Three main different components are:

  • Kinesis Streams: low latency streaming ingest at scale. They offer patterns for data stream processing. It looks similar to Kafka, but MSK is the Kafka deployment.
  • Amazon Managed Service for Apache Flink: perform real-time analytics on streams using SQL. This Apache Flink as managed service.
  • Kinesis Firehose: load streams into S3, Redshift, ElasticSearch. No administration, auto scaling, serverless.

Kinesis Data Streams

It is a distributed data stream into Shards for parallel processing.

It uses a public endpoint and applications can authenticate using IAM role. Kinesis Data Streams is using a throughput provisioning model, a shard can inject 1 Mb/s or 1000 msg /s with an egress of 2Mb/s. Adding shards help to scale the throughput. A single shard supports up to 5 messages per second, so a unique consumer gets records every 200ms. Adding more consumers on the same shard, the propagation delay increases and throughput per consumer decreases. With 5 consumers, each receives 400kB max every second.
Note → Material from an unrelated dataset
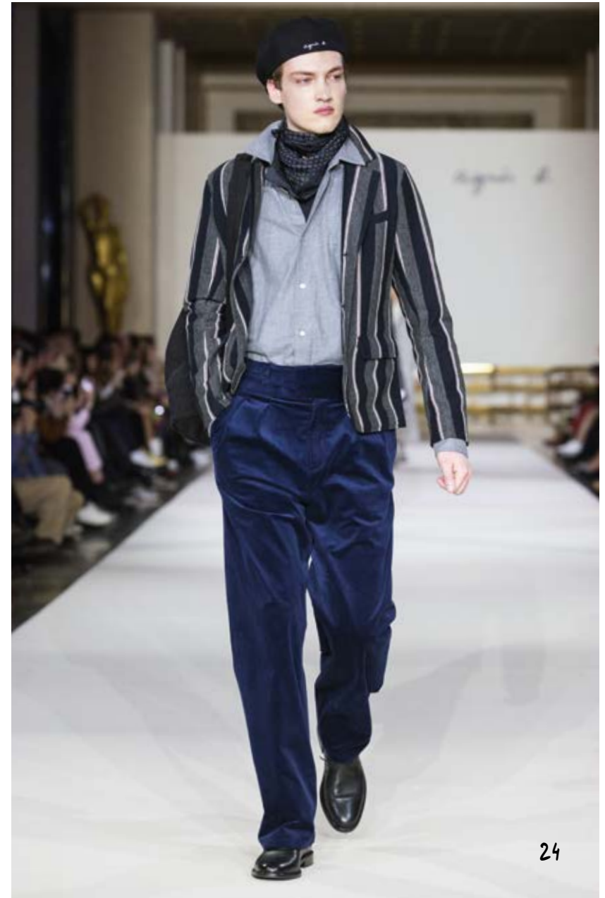
veste jersey à larges rayures en milano de coton / chemise en coton émerisé gris débardeur à côtes en jersey de coton noir / pantalon large en velours de coton 500 raies bleu milano cotton jersey jacket with broad stripes / grey emerised cotton shirt ribbed tank top in black cotton jersey wide-leg blue trousers in fine-ribbed cotton velvet corduroy VESTE G747 JER8 695 / CHEMISE W644 TP80 808 / TS SÉRIGRAPHIÉ EZ00 SCKO 000 PANTALON Y566 UX05 685 / DERBY YANN 544B CU17 000 / BRETelles PIERRE 722B KESO 000 BRETE NOIR 3326 GV00 000 / FOULARD ARCHIVE / SAC MATELOT POINT D'IRONIE ARCHIVE

Producer sends message with Partition Key. A sequence number is added to the message to note where the message is in the Shard.
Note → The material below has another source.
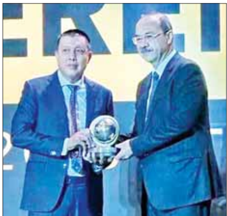
ဥဘောက်ကစူတန်နိုင်ငံ ဝန်ကြီးချုပ် Abdulla Aripov အာရှဘောလုံးအဖွဲ့ချုပ် စီနီယာဒုက္ကဋ္ဌ၊ မြန်မာနိုင်ငံဘောလုံးအဖွဲ့ချုပ် ဒုက္ကဋ္ဌ ဦးစော်စော်ကို အမှတ်တရလက်ဆောင်ပေးအပ်စဉ်။
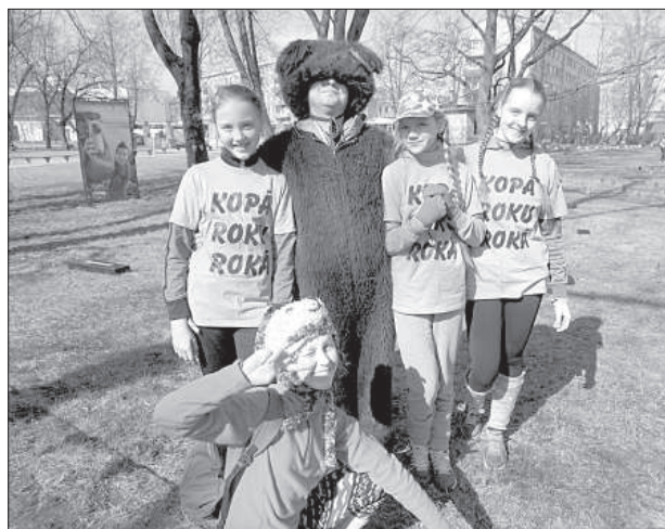
Ученики Даугавпилсской польской гимназии.

Школьники подошли к ответственному мероприятию нестандартно, многие придумали названия своим командам и нарядились в одежду одного цвета. Кто-то удачно обыграл тему холодной весны – так, школьники Плявиняской государственной гимназии оделись в снеговиков с носами-морковками. С приветственными словами и пожеланиями успешно выступить на соревнованиях школьникам

  • Retention from 1 to 365 days.
  • Capable to replay the messages.
  • Immutable records, not deleted by applications.
  • Message in a shard, can share partition key, and keep ordering.
  • It is possible to support exactly-once delivery.
  • Producer can use SDK, or Kinesis Producer Library (KPL) or being a Kinesis agent.
  • Kinesis Agent is a stand-alone Java app that offers an easy way to collect and send data to KDS, as it monitors a set of files. It runs on RHEL, or Amazon Linux 2.
  • Consumer may use SDK and Kinesis Client Library (KCL), or being one of the managed services like: Lambda, Kinesis Data Firehose, Managed Service for Apache Flink.
  • For consuming side, each Shard gets 2MB/s out.
  • If consumer fails on one record in a batch, the entire batch (and thus the shard) is blocked until either the message processes successfully or the retention period for the data records in the batch expires.
  • It uses enhanced fan-out if we have multiple consumers retrieving data from a stream in parallel. This throughput automatically scales with the number of shards in a stream.
  • Pricing is per Shard provisioned per hour.
  • The capacity limits of a Kinesis data stream are defined by the number of shards within the data stream. The limits can be exceeded by either data throughput or the number of reading data calls. Each shard allows for 1 MB/s incoming data and 2 MB/s outgoing data. We should increase the number of shards within our data stream to provide enough capacity.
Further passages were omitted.